Подвергнувшись мощному дипломатическому давлению, прежде всего со стороны Великобритании и идущей у неё на поводу Франции, правящая верхушка Чехословакии совершила акт национального предательства и, как скоро стало ясно, самоубийства, безропотно приняв приговор, вынесенный в Мюнхене Чемберленом, Даладье, Гитлером и Муссолини о расчленении страны. Логика Праги при этом была простой: «лучше Гитлер, чем Сталин». Для класса предпринимателей важнее было, как они считали, сохранить собственность, чем суверенитет страны. Горькая ирония судьбы заключалась в том, что в результате они потеряли и то, и другое. Нацизм был диктатурой особого типа, ставящий целью разграбление европейских государств, включая «чужих» капиталистов. В 1943 году Сталин скажет президенту Бенешу, отсидевшему войну в эмиграции в Лондоне: «Признайтесь, что вы капитулировали только из страха перед большевизмом. Вы боялись, что Красная Армия придёт на помощь Чехословакии».

За своё предательство интересов Чехословакии главные участники, можно сказать, получили символические подарки. На следующий день после Мюнхенской сделки 1 октября Гитлер милостиво согласился подписать с Чемберленом англо-германскую декларацию, в которой стороны договаривались «никогда более не воевать друг с другом». 6 декабря такой же двусторонний документ был подписан с французами, чтобы, как говорил гитлеровский министр иностранных дел Риббентроп, «отколоть их от СССР». Подчеркнём, что по своему юридическому характеру это были двусторонние договоры о ненападении. Гитлер их подмахнул, хорошо зная, что это были пустые бумажки. В итоге они не продержались и года.

Смысл происходящего точно выразил принципиальный противник Чемберлена в рядах консервативной партии Черчилль. «В Мюнхене, – говорил он, – Англия и Франция между войной и позором выбрали позор, чтобы потом получить войну».
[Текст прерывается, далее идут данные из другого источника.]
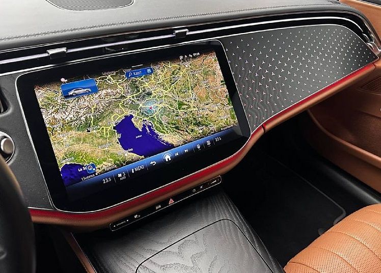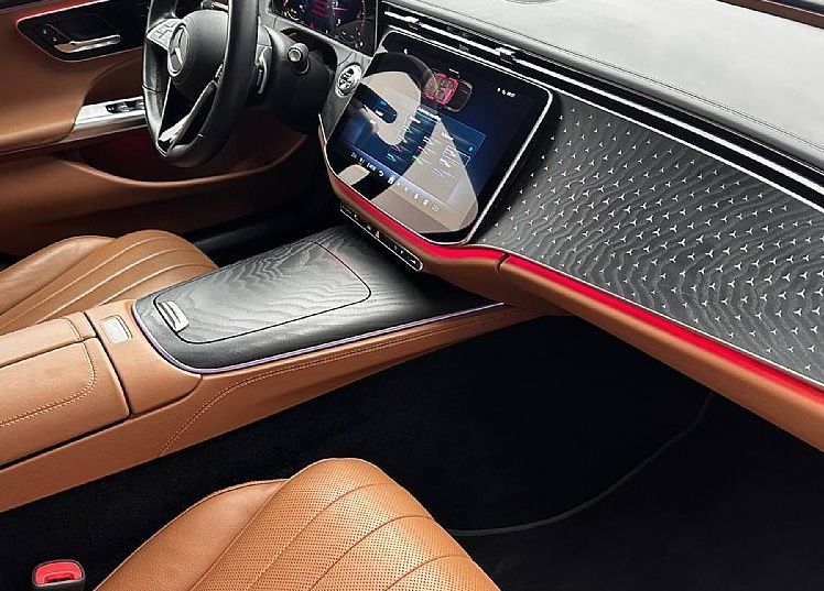 - Okrasni element v črnem lesu z odprtimi porami ter zvezdicami Mercedes-Benz

В Москве случившееся восприняли как серьёзнейшее поражение сил мира и успех агрессора. Маски были сброшены. Кризис обнажил тайные пружины европейской политики. Становилось ясно, что наступило время игры без правил по принципу «каждый за себя». Пример показывали англичане и французы, не останавливаясь перед новыми жертвами ради собственных корыстных интересов, не отдавая себе отчёт в том, что и они легко могут превратиться из охотников в добычу.

Между тем, СССР оказывался в изоляции в Европе, где вопросы решались без него и вопреки его интересам, что создавало прямую угрозу его безопасности. Мюнхенский сговор перечеркнул все надежды на коллективную безопасность в Европе. Приходилось думать о защите своих интересов, чем уже давно занимались другие. После захвата в марте 1939 года всей Чехословакии (вопреки клятвенным обещаниям не делать этого) Гитлер отдал распоряжение о подготовке нападения на Польшу. А это была уже непосредственная граница с Советским Союзом. В Лондоне, Париже и Вашингтоне жили напряжённым ожиданием скорой советско-германской войны, в которой, как слепо верили «западные демократии», два тоталитарных государства должны были истощить друг друга к вящей радости «умиротворителей».

Если в Москве ещё и оставались какие-то сомнения на этот счёт, то их быстро устранили начавшиеся летом 1939 года англо-франко-советские переговоры о взаимопомощи, включая заключение военной конвенции. Уже скоро выяснилось, что потенциальные союзники вели эти переговоры для отвода глаз, чтобы ввести в заблуждение Советский Союз и не мешать планам Гитлера, касающихся нанесения удара по Польше в качестве прелюдии к нападению на СССР. Стоит ли удивляться, что в этой ситуации советская дипломатия совершила манёвр и откликнулась на предложение Берлина начать переговоры о пакте о ненападении и секретных протоколах к нему о сферах размежевания немецких и советских территориальных интересов в Европе.

В той исторической ситуации это было единственно правильное решение. К тому времени подобные двусторонние документы уже были подписаны с Гитлером англичанами, французами и поляками. Советский Союз лишь сделал то, что до него совершили другие, то есть позаботился об интересах своей безопасности, когда из-за политики западных держав другие варианты перестали существовать.


Александр Юрьевич Борисов, доктор исторических наук, профессор МГИМО МИД РФ, Чрезвычайный и Полномочный Посланник.